What you are asked to do: Transcribe the lines below verbatim, skipping the images.

Data provided:
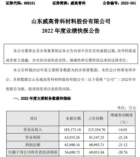 由于新冠疫情影响,骨科终端手术量减少,对整体业绩造成一定影响。今年二月底,威高股份公布年度业绩快报。数据显示,报告期内公司实现营业收入185,173.10万元,较上年同期下滑14.01%;实现归属于母公司所有者的净利润54,698.73万元,较上年同期下滑20.76%。
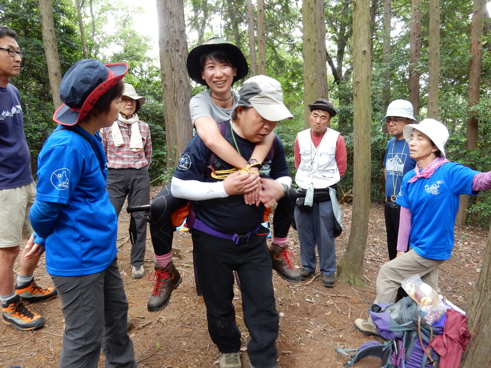 新入会員講座・実技編 未分類 2016.06.202016.09.08 2016年6月19日(日) 日和田山にて 参加者:10名(新人6名) みんなで地図を正置してみよう ここで進行方向の確認。コンパスを当ててね 歩幅は小さくネ。広いと疲れますよ 足場の確保。段差が少なくなるように 三点確保して、つぎの一歩を。 岩から身体を離して さぁやってみよう あれ…! 足場はどこ ガスコンロはやけどしないようにネ みんなで記念撮影 けが人の搬送 ザックやポールを補助にして背負う。 今日の講習はこれですべて終了。おつかれさま
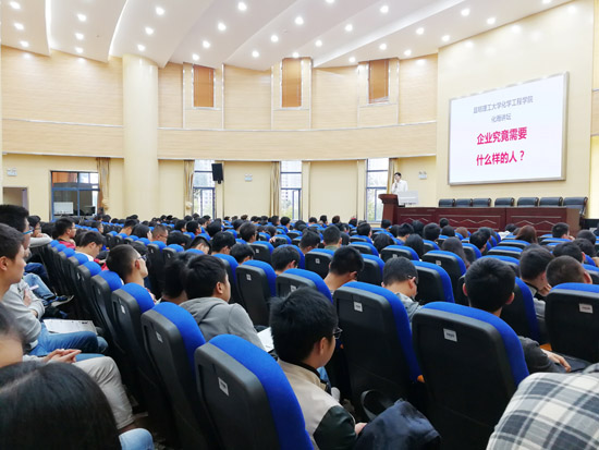 化学工程与工艺2015届优秀校友章威结合自身求职、工作经历,从行业、岗位选择,学业与就业、职场发展等方面为同学们分享了“企业究竟需要什么样的人”以及“如何成为企业需要的人”,通过互动交流,现场为同学们答疑解惑。
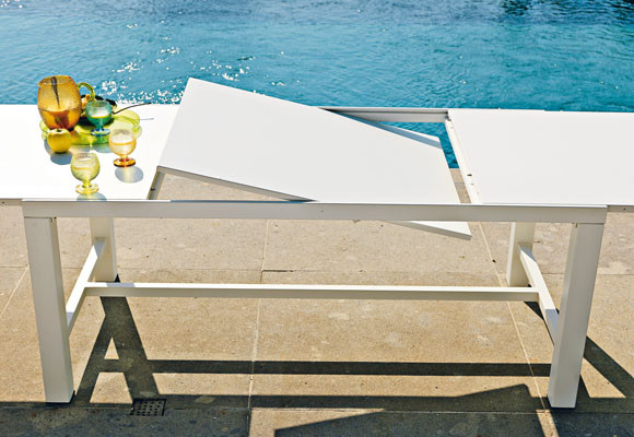 Funcionalidad y diseño lineal caracterizan la mesa extensible Conrad, de hierro galvanizado propuesta este año en los colores blanco, gris ceniciento y lavanda y en dos dimensiones.
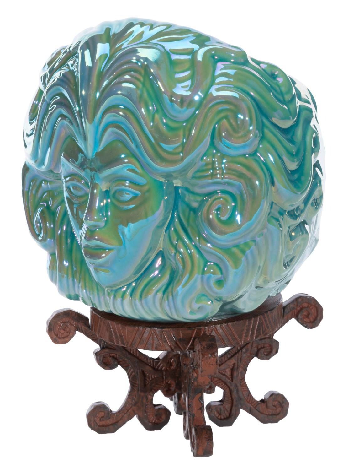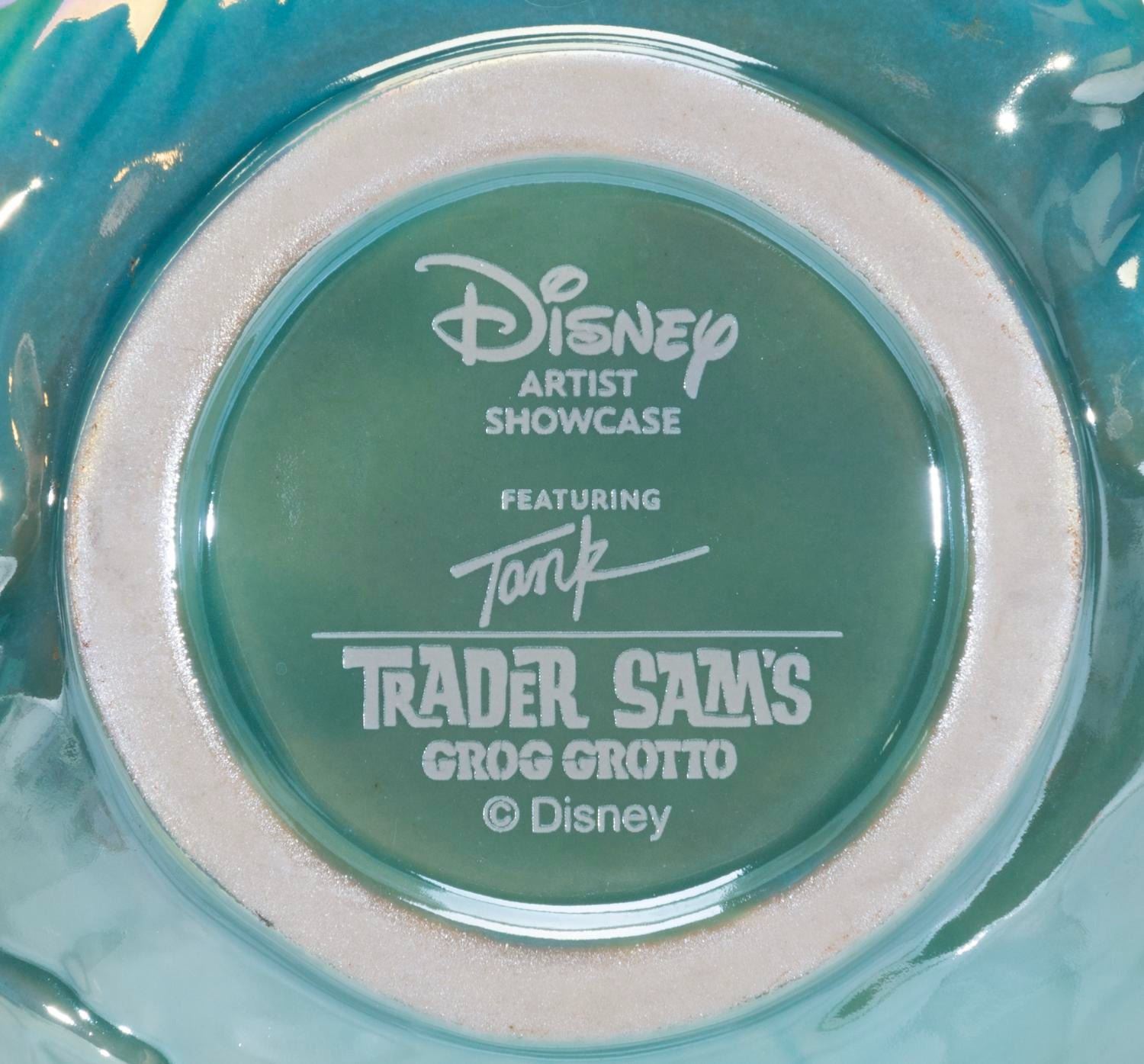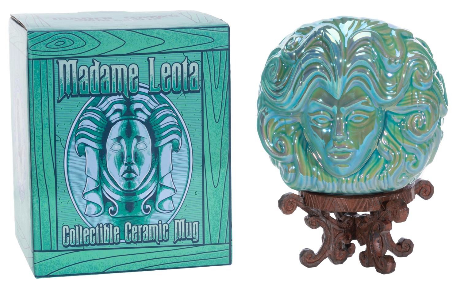 (Disney’s California Adventure, 2024) A first edition tiki mug of Madame Leota from the Haunted Mansion attraction. The mug with a stand was designed by Tank Standing Buffalo as part of a Disney Artist Showcase at the 1901 Lounge at the Carthay Circle Restaurant. Measuring 5.25" in diameter x 6.75" tall, the mug and stand are in fine condition, with the original box.

Result of the exercise:
 由于新冠疫情影响,骨科终端手术量减少,对整体业绩造成一定影响。今年二月底,威高股份公布年度业绩快报。数据显示,报告期内公司实现营业收入185,173.10万元,较上年同期下滑14.01%;实现归属于母公司所有者的净利润54,698.73万元,较上年同期下滑20.76%。
 新入会員講座・実技編 未分類 2016.06.202016.09.08 2016年6月19日(日) 日和田山にて 参加者:10名(新人6名) みんなで地図を正置してみよう ここで進行方向の確認。コンパスを当ててね 歩幅は小さくネ。広いと疲れますよ 足場の確保。段差が少なくなるように 三点確保して、つぎの一歩を。 岩から身体を離して さぁやってみよう あれ…! 足場はどこ ガスコンロはやけどしないようにネ みんなで記念撮影 けが人の搬送 ザックやポールを補助にして背負う。 今日の講習はこれですべて終了。おつかれさま
 化学工程与工艺2015届优秀校友章威结合自身求职、工作经历,从行业、岗位选择,学业与就业、职场发展等方面为同学们分享了“企业究竟需要什么样的人”以及“如何成为企业需要的人”,通过互动交流,现场为同学们答疑解惑。
 Funcionalidad y diseño lineal caracterizan la mesa extensible Conrad, de hierro galvanizado propuesta este año en los colores blanco, gris ceniciento y lavanda y en dos dimensiones.
 (Disney’s California Adventure, 2024) A first edition tiki mug of Madame Leota from the Haunted Mansion attraction. The mug with a stand was designed by Tank Standing Buffalo as part of a Disney Artist Showcase at the 1901 Lounge at the Carthay Circle Restaurant. Measuring 5.25" in diameter x 6.75" tall, the mug and stand are in fine condition, with the original box.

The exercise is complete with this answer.